Consider getting a large piece of wood or a canvas that has been painted with White Dove so you have a temporary example you can use to check how it interacts with light and how other colors can interact with its undertones and overtones with this shade of white not being a ‘true white’.
You could even consider using White Dove on the trim in certain interior rooms. It’s a great way to reflect light up and also bring out the darker colors of a room with the brightness of this white, as well as its undertones.
We suggest, when using White Dove on trim, to go for a satin sheen, or even lower. Trim can often get scuffed up or stained, and the glossier your paint is the harder it is to clean easily.
In the same way it works on trim, it would also function well on cabinets or ceiling for the same reason.
Where Not To Use White Dove?
There are a few colors and materials that aren’t great with White Dove and expose some of the less desirable elements of the shade. For example, with lighter colored marble work surfaces White Dove can look a little green and unpleasant.

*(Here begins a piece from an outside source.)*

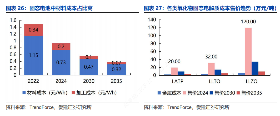 固态电池中材料成本占比高,成本降低是趋势。2022年,固态电池成本约为1.49元/Wh,其中材料成本约为1.15元/Wh,占比约为77%。预期电池成本逐步下降,2035年成本约为0.39元/Wh,材料成本占比约为82%。

Equally, if you have white appliances or countertops this will make your walls look less white when painted with White Dove.
In terms of light, a south facing light can definitely make the shade seem more yellow. This can be desirable for some people and is why it’s useful as a neutral color, but if you are looking for a brilliant white color to reflect south facing light, then this isn’t the choice to make.
Most consider White Dove to be a really great off white shade to use around the house, and if you want a warm white color it’s worth considering.
It has creamy undertones of yellow that work magically with its gray overtone, giving it that unique finish that people seem to love.
White Dove is perhaps best used indoors in rooms that are dimly lit or use lots of artificial light, the warmness of this shade of white provides the perfect neutrality to a room like this and is ideal in a study or calm space.
Equally, White Dove is pretty versatile and could also work really well in tandem with other colors and materials. Some materials to avoid are marble as this can bring out some greenish and yellow undertones in the White Dove that aren’t pleasant.
As a result, we always suggest using swatches and samples of White Dove before committing to a full can of paint. White Dove can interact greatly with other colors, materials, as well the way light hits it.
So we really recommend sampling it and seeing how it interacts with a room before buying.
If you want an off-white, neutral, shade of white White Dove can be considered one of the best for its versatility and complexity. Just make sure you have samples to try before committing to anything.